◆ Work required
The output consists only of the lines from the one with "Wiesbaden (ots) –" through the end of the records, each printed exactly, and contains no pictures.

◆ Input material
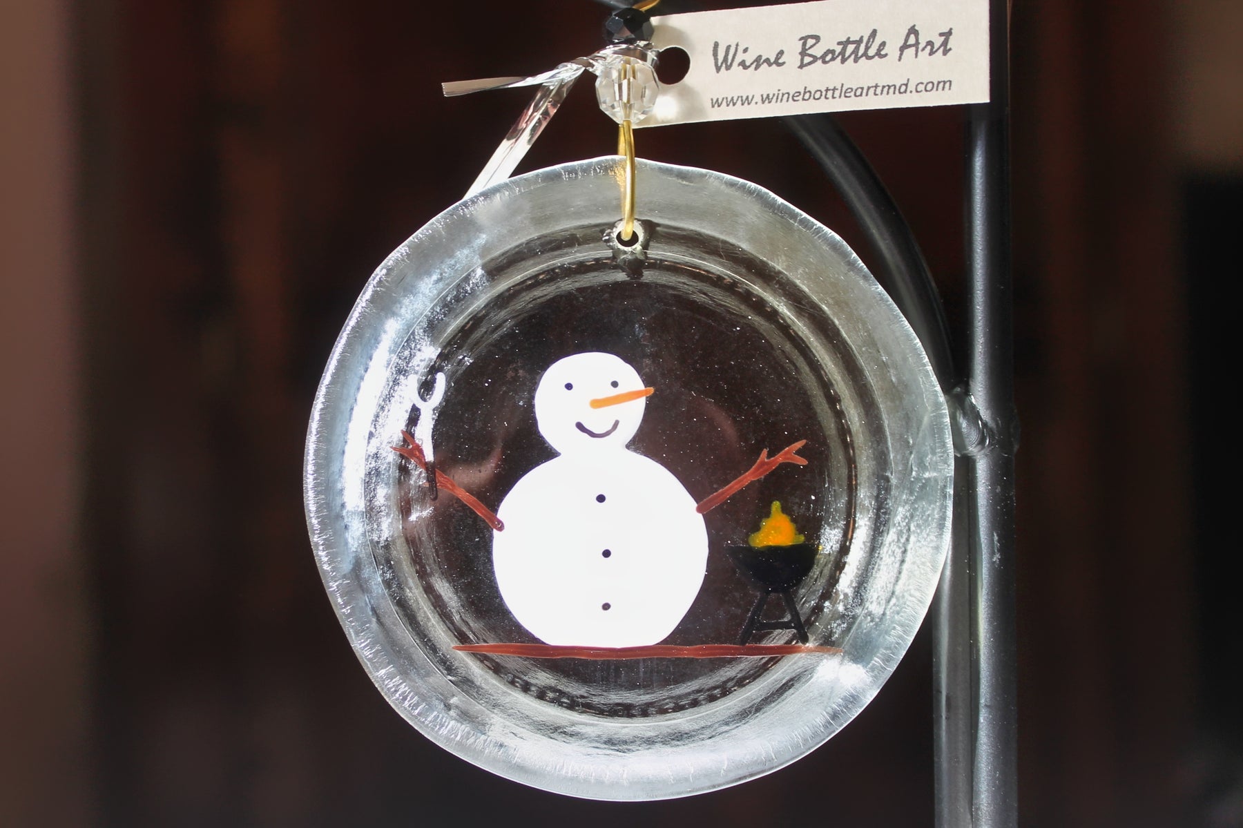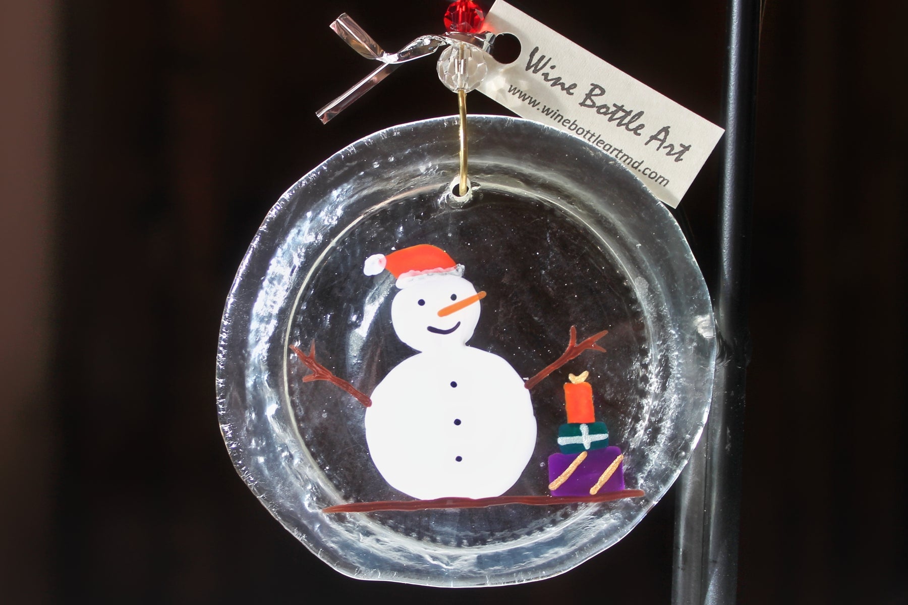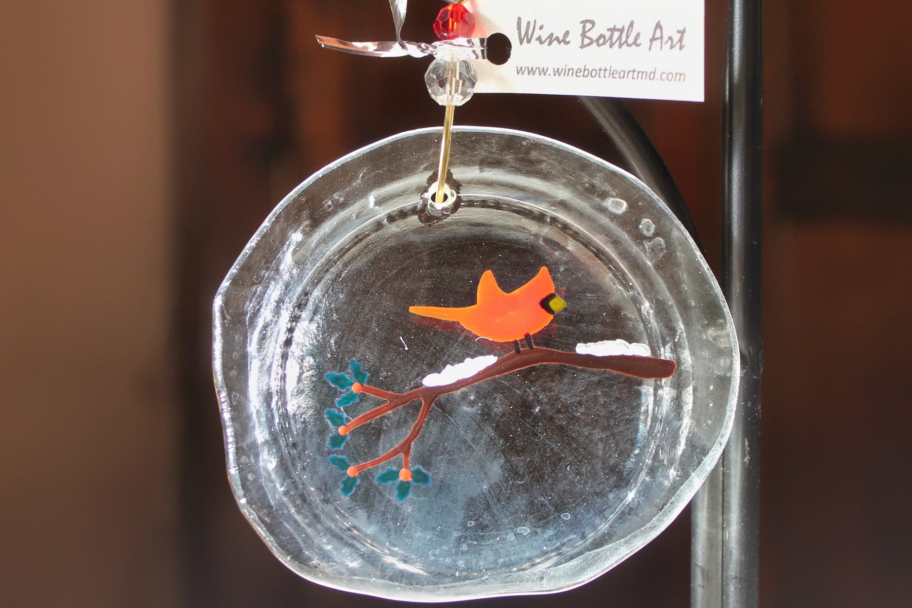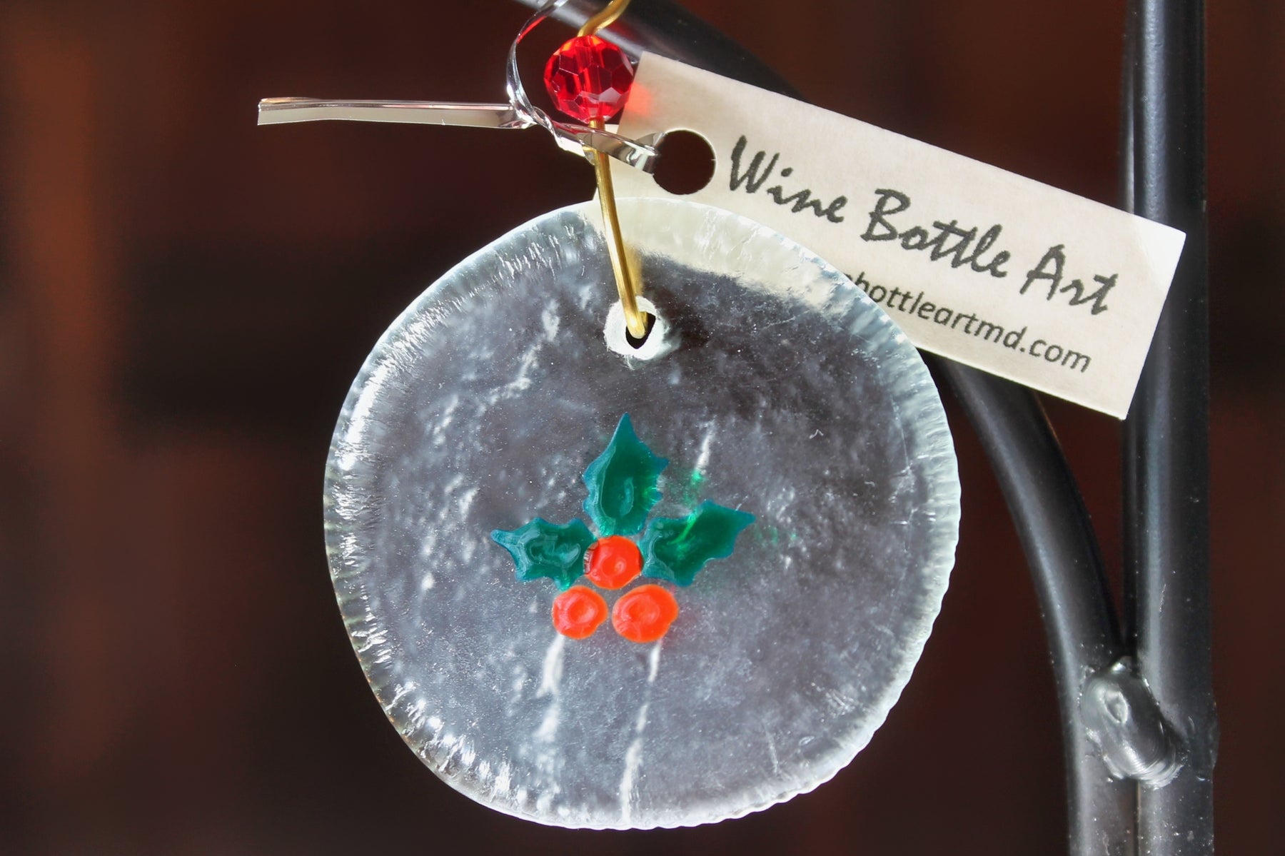 These Christmas and Holiday themed wine bottle suncatchers and ornaments were upcycled from the bottoms of recycled wine bottles. Each suncatcher is made by hand from 100% post-consumer glass wine bottles. Each hand cut ornament is a one of a kind because each bottle is unique. Hang it in your window and let the sunlight sparkle through.
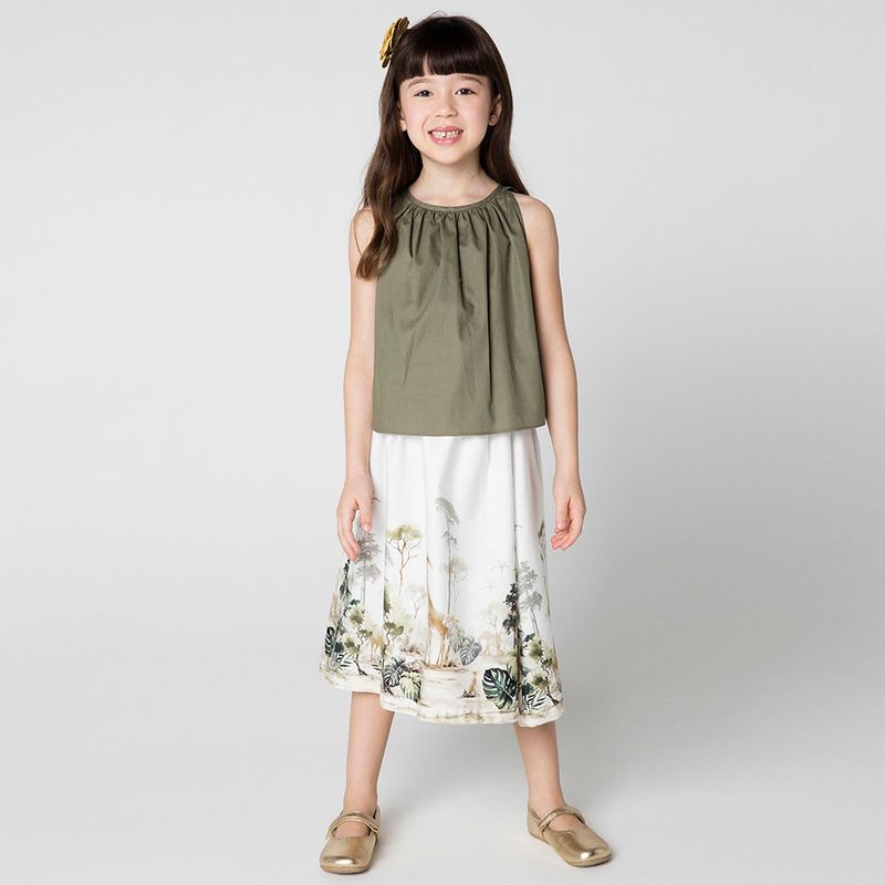 A saia infantil menina savana branca é a escolha ideal para garantir conforto e estilo à sua pequena. Confeccionada em tricoline galles de alta qualidade, ela oferece um visual leve e fluido, com um toque de sofisticação, perfeita para compor visuais elegantes para o dia a dia.
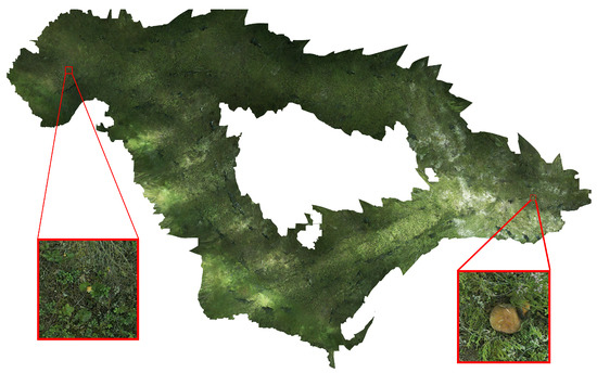 Orthomosaic created using SuperPoint-based photogrammetric processing. The two close views show cropped full resolution details with a cloudberry (left) and a mushroom (right).
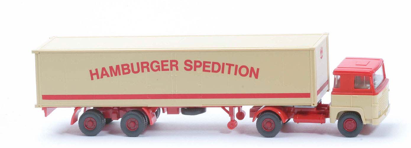 | Zugmaschine | Dach | orangerot | Kabine oben | orangerot | Kabine unten | hellbeige | Stoßstange | hellbeige | Scheinwerfer | 2, gesilbert | Spiegel | mit | Scheibenwischer | ohne | Lenkrad | mit | Sattelpfanne | für großen Königsbolzen | Reserverad | ohne | Chassis Farbe | orangerot | Räder | 12mm, Profil grob | Felgen | hellbraunrot | | Koffer | Art | mit Seitentür-Andeutung | Dach | hellbeige | Korpus | hellbeige | Türen | neu, hellbeige | Beschriftung | Hamburger... (s. Foto) | Chassis | orangerot | Unterfahrschutz | ohne | Königsbolzen | stark | Räder | 12mm, Profil grob | Felgen | hellbraunrot |
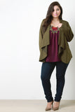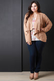This plus size jacket features a soft vegan suede fabrication, draped collar, long sleeves, two front zipper pockets, and no closure. Accessories sold separately. 100% Polyester.
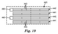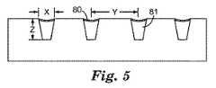 微小複製は、微小導電体を形成するのに使用することができる、更に別のプロセスである。図5の図は、充填された又は部分的に充填された、微小複製されたチャネルの断面図を示す。チャネルは、種インク81で充填され、次にこれらを導電性にするために、めっきされてもよい(金属化層80参照)。あるいは、チャネルには、それ自体が導電性であるインクが充填されてもよく、めっきプロセスの必要性を排除する。第3の代替手段は、基材を金属でコーティングし、次に溝の(底部の)金属の部分をマスキングし、次にマスキングされていない材料をエッチングして取り去ることである(例えば、米国特許出願第61/076731号(「Method  of  Forming  a  Microstructure」)、及び同第61/076736号(「Method  of  Forming  a  Patterned  Substrate」)を参照)。チャネルの実際の形状が変更されて、断面形状、及び最低水準の光学的干渉を提供する寸法を最適化し、一方で依然として高い伝導度及び高い生産収率を確実にすることができる。  Microreplication is yet another process that can be used to form microconductors. The diagram of FIG. 5 shows a cross-sectional view of a microreplicated channel that is filled or partially filled. The channels may be filled with
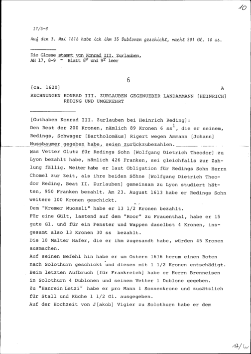 Rechnung von Bartholomäus Rigert für Konrad III. Zurlauben
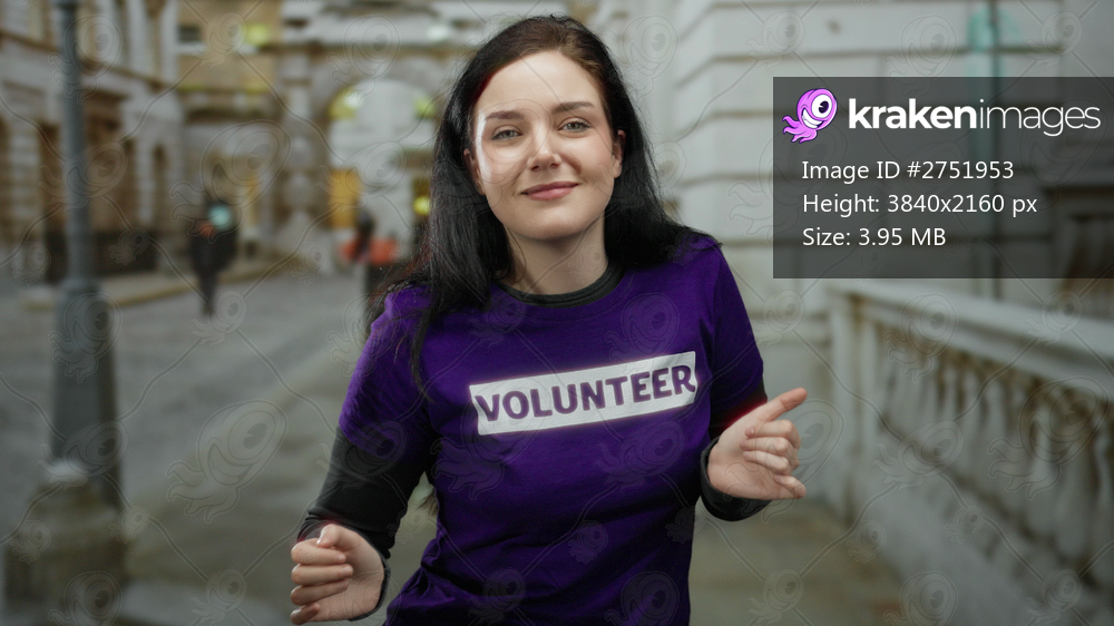 Woman dancing happily in a city street wearing a purple volunteer shirt with a joyful expression in an old town setting.
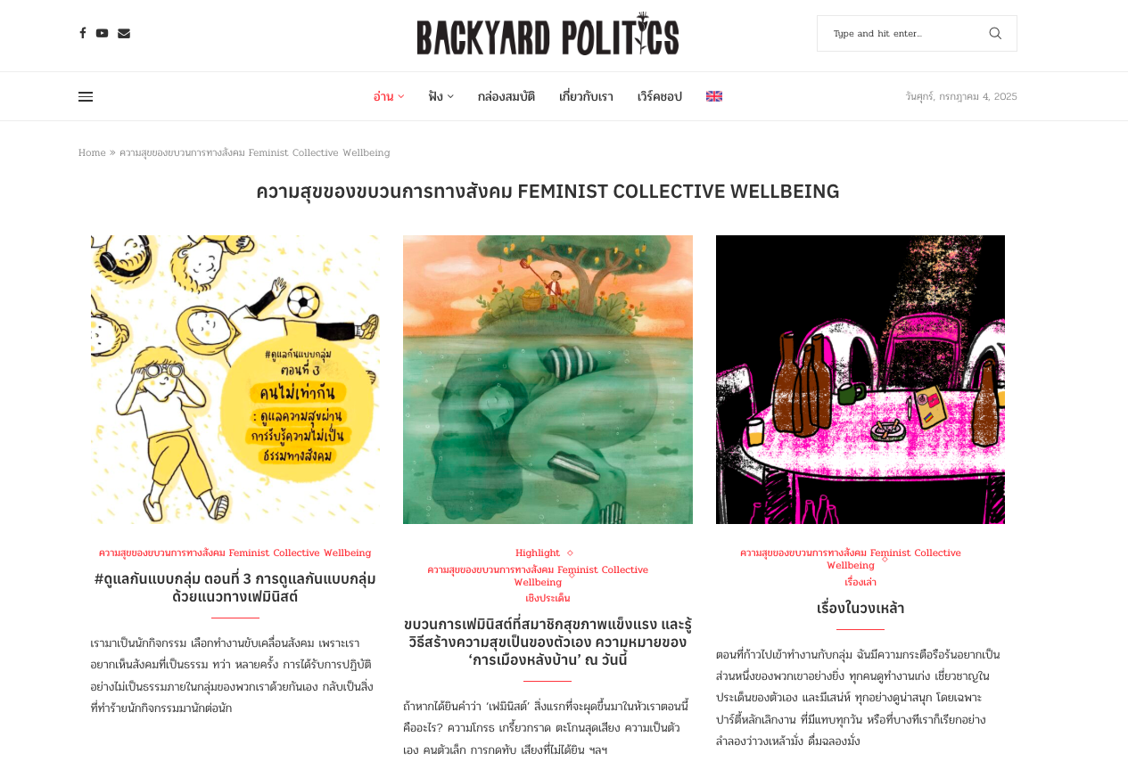 คำถามข้างต้นคือ จุดเริ่มต้นของ Backyard Politics การเมืองหลังบ้าน กลุ่มการดูแลกันและกัน สำหรับนักกิจกรรมผู้หญิงและกลุ่มผู้ที่มีความหลากหลายทางเพศในเอเชียตะวันออกเฉียงใต้ บนแนวทาง Collective Care หรือการดูแลเอาใจใส่ร่วมกันไม่ผลักภาระการดูแลสุขภาพกายใจไปให้กับคนหนึ่งคน ร่วมกันรับรู้ ยืนยัน และร่วมดูแลสุขภาพกายใจของเพื่อนร่วมงาน เพื่อนร่วมอุดมการณ์ได้อย่างสม่ำเสมอ ด้วยความเชื่อว่าสังคมจะเกิดการเปลี่ยนแปลงได้อย่างยั่งยืน ต้องมีการดูแลผู้ที่ลงมือสร้างการเปลี่ยนแปลง นำเสียงของผู้ที่ถูกผลักให้อยู่ชายขอบออกมาให้ผู้คนได้รับรู้ ให้เพื่อนร่วมอุดมการณ์ได้รับฟัง โดยขับเคลื่อนงานผ่านองค์ความรู้ด้านความสุขและสุขภาพ (Wellbeing) ของนักกิจกรรมผู้หญิงและ LBTQ ในเอเชียตะวันออกเฉียงใต้ สร้างความร่วมไม้ร่วมมือระหว่างนักกิจกรรมจากหลากหลายพื้นที่ จากประเด็นการขับเคลื่อนที่แตกต่างกัน ไปจนถึงสร้างองค์ความรู้ในการดูแลกันและกันจากประสบการณ์ตรง
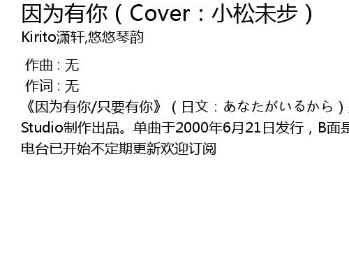 | [00:02:00] | 《因为有你/只要有你》(日文:あなたがいるから)是日本流行歌手小松未步的第10张单曲,由她包办词曲,池田大介编曲,GIZA Studio制作出品。单曲于2000年6月21日发行,B面是《哀伤的恋情》。该曲亦成为日本动漫《名侦探柯南》第四部剧场动画《瞳孔中的暗杀者》的主题曲。 |
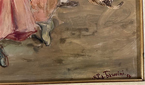 Pierangelo Basorini "Interno con figure" olio su compensato (cm 76x62) Firmato i
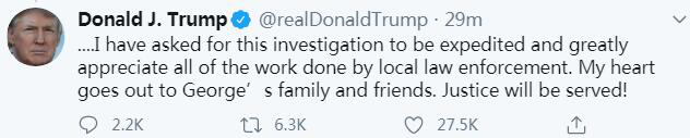 另一条收获了7335次点赞的评论,模仿大统领的语气写道: “白宫一个疯子打着高尔夫球,举行竞选集会,却忽视了新冠大流行真正两个月之久,导致美国死了92000人。特朗普的无能和疏忽应该为此负责。”
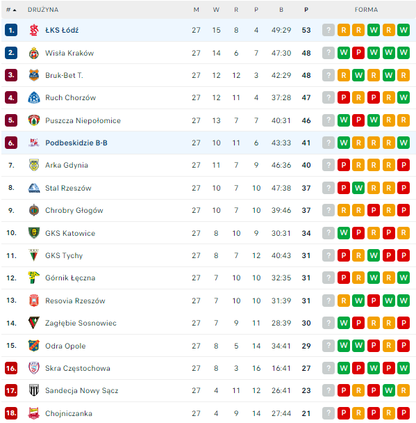 Tabela po 27. kolejkach Fortuna 1. ligi
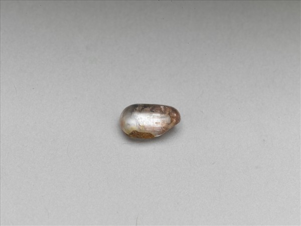 似卵形碧璽一塊,呈粉紅色。通體打磨光滑,可見內部天然結晶紋理,有璺。表面殘留黏著痕跡,疑似嵌件脫落。
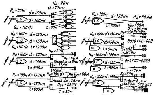 Рис. 3.4. Схемы боевого использования пожарной автонасосной станции ПНС-110 (указанные в схемах расстояния приняты без учета подъема местности)
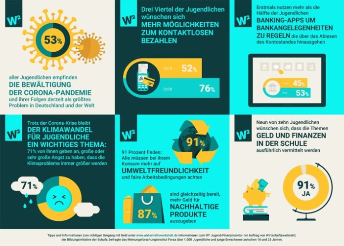 Wiesbaden (ots) – Bildungsinitiative WirtschaftsWerkstatt setzt auf digitale Bildungsformate // Schulteams erarbeiten Konzepte für die Green Economy // Umfrage unter Jugendlichen zeigt, dass Nachhaltigkeit und Klimaschutz die wichtigsten Zukunftsthemen sind // Trotz Corona-Krise schauen junge Menschen optimistisch in die Zukunft
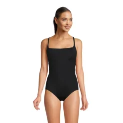Lands’ End Women’s Chlorine Resistant Smocked Square Neck One Piece Swimsuit With Adjustable Straps

◆ Exercise result
 Wiesbaden (ots) – Bildungsinitiative WirtschaftsWerkstatt setzt auf digitale Bildungsformate // Schulteams erarbeiten Konzepte für die Green Economy // Umfrage unter Jugendlichen zeigt, dass Nachhaltigkeit und Klimaschutz die wichtigsten Zukunftsthemen sind // Trotz Corona-Krise schauen junge Menschen optimistisch in die Zukunft
Lands’ End Women’s Chlorine Resistant Smocked Square Neck One Piece Swimsuit With Adjustable Straps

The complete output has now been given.